# EXERCISE REQUIREMENTS
As the answer, give exactly the lines of the records below from the one with "Skin Decal Wrap" through the one with "이웃을 위해 함께해주신", ends included and pictures left out.

# RECORDS
....

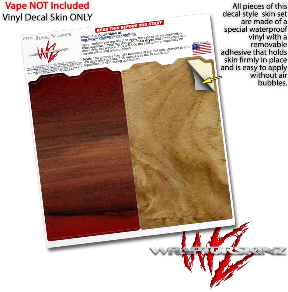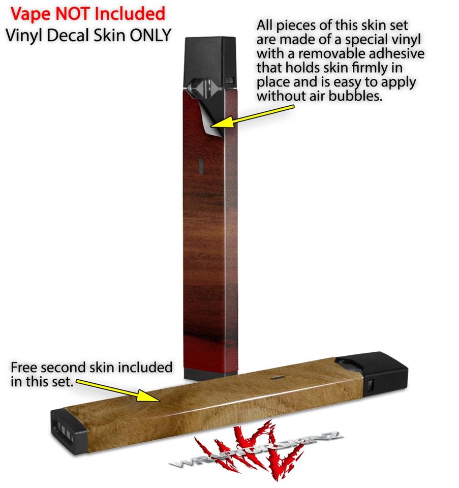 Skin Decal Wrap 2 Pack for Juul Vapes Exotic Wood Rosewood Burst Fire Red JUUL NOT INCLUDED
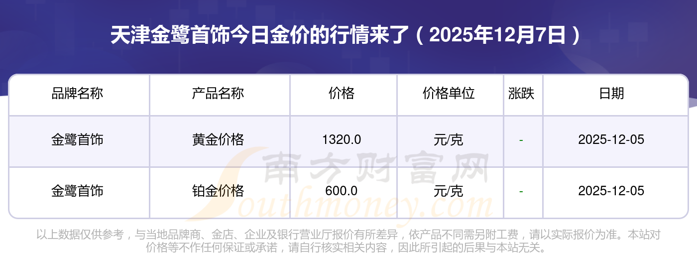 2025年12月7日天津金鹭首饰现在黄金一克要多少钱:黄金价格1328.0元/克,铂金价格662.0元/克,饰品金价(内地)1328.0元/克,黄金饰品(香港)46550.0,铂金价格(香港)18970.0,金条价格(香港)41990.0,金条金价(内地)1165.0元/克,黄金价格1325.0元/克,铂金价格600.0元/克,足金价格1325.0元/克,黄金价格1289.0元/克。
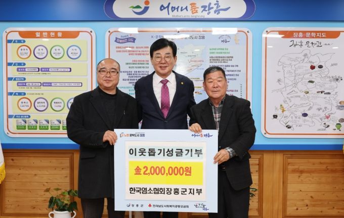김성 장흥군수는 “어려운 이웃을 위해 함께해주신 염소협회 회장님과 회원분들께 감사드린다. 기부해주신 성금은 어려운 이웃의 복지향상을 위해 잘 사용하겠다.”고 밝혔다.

....

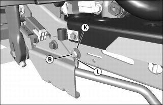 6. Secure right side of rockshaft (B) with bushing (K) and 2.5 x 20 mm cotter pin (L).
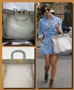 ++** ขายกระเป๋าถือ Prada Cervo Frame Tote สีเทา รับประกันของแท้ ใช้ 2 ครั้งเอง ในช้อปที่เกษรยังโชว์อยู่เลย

....

# REPLY TO THE EXERCISE
 Skin Decal Wrap 2 Pack for Juul Vapes Exotic Wood Rosewood Burst Fire Red JUUL NOT INCLUDED
 2025年12月7日天津金鹭首饰现在黄金一克要多少钱:黄金价格1328.0元/克,铂金价格662.0元/克,饰品金价(内地)1328.0元/克,黄金饰品(香港)46550.0,铂金价格(香港)18970.0,金条价格(香港)41990.0,金条金价(内地)1165.0元/克,黄金价格1325.0元/克,铂金价格600.0元/克,足金价格1325.0元/克,黄金价格1289.0元/克。
김성 장흥군수는 “어려운 이웃을 위해 함께해주신 염소협회 회장님과 회원분들께 감사드린다. 기부해주신 성금은 어려운 이웃의 복지향상을 위해 잘 사용하겠다.”고 밝혔다.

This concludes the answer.